Before the floods, hot temperatures made it harder to grow chilli, which needs more moderate conditions.

“When I was a child ... the heat was never so intense. We used to have a plentiful crop, now it has become so hot, and the rains are so scarce that our yields have dwindled,” Raj said.

A family harvests red chilli peppers (Reuters)
People ride a rickshaw (Reuters)

Dr Attaullah Khan, director of the Arid Zone Research Centre at Pakistan’s Agricultural Research Council, told Reuters that heatwaves over the past three years had affected the growth of chilli crops in the area, causing diseases that curled their leaves and stunted their growth.

Now the floods pose a whole new set of challenges.

“Coming to climate change: how do we overcome that?” he asked. “Planning has to be done on a very large scale. Four waterways that used to carry [excess] water to the ocean have to be revived. For that we will have to take some very hard decisions ... but we don’t have any other choice.”

Many farmers say they have already faced tough decisions.

Farmers wearing traditional clothes gather to celebrate Holi, the Festival of Colours (Reuters)
A worker burns cotton plants damaged by rain water and floods to prepare the soil for the next crop, following monsoon season (Reuters)

As flooding inundated his farm a few months ago, Kunri farmer Faisal Gill decided to sacrifice his cotton crops to try to save chilli.

“We constructed dykes around cotton fields and installed pumps, and dug up trenches in the chilli crop to accumulate water and pump it out into the cotton crop fields, as both crops are planted side by side,” Gill said.

Destroying his cotton enabled him to save just 30 per cent of his chilli crop, he said, but that was better than nothing.

Red chilli pepper farmers smear colour on their face as they celebrate Holi (Reuters)
Traders work at the Mirch Mandi wholesale chilli market (Reuters)

In Kunri’s bustling wholesale chilli market, Mirch Mandi, the effect is also being felt.
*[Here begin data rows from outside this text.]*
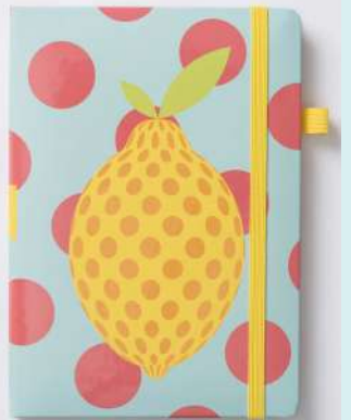
LEMON DROP (2948)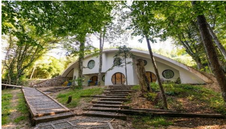
Resim 1. Hindiba Doğa Evi Pansiyon

TaTuTa, Türkiye’deki ekolojik tarımla geçinen çiftçi ailelerine mali destek, gönüllü iş gücü ve bilgi sunarak ekolojik tarımın teşvik edilmesini ve sürdürülebilirliğinin sağlanmasını hedeflemekte, alternatif bir ekolojik yaşam modeli oluşturmayı amaçlamaktadır (Şahbudak ve Şimşek, 2017, s.315). Çevresel koruma ve toplumsal dayanışma açısından önemli olup, katılımcılara doğayla bütünleşik bir deneyim sunarak gönüllülüğü teşvik etmektedir. TaTuTa’ya ev sahipliği yapan Hindiba Doğa Evi, çevre dostu konaklama alternatifi olarak sürdürülebilir turizmin örneklerindedir. Doğal çevre ile uyumlu tasarlanmış yapıları ve yenilenebilir enerji kaynaklarıyla çevresel sürdürülebilirlik ilkelerine bağlı kalmayı amaçlamaktadır.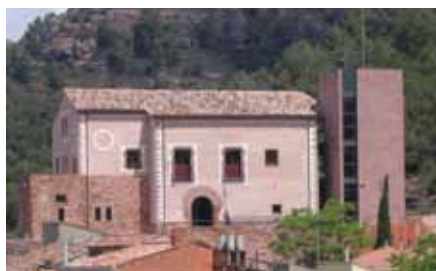
RESTAURACIÓ DE LA MASIA DEL CASTELL DE VACARISSES

Though mounds of bright red chilli dot the market, traders said there is a huge drop on previous years.

“Last year, at this time, there used to be around 8,000 to 10,000 bags of chillies in the market,” trader Raja Daim said.

“This year, now you can see that there are barely 2,000 bags here, and it is the first day of the week. By tomorrow, and the day after, it will become even less,” he said.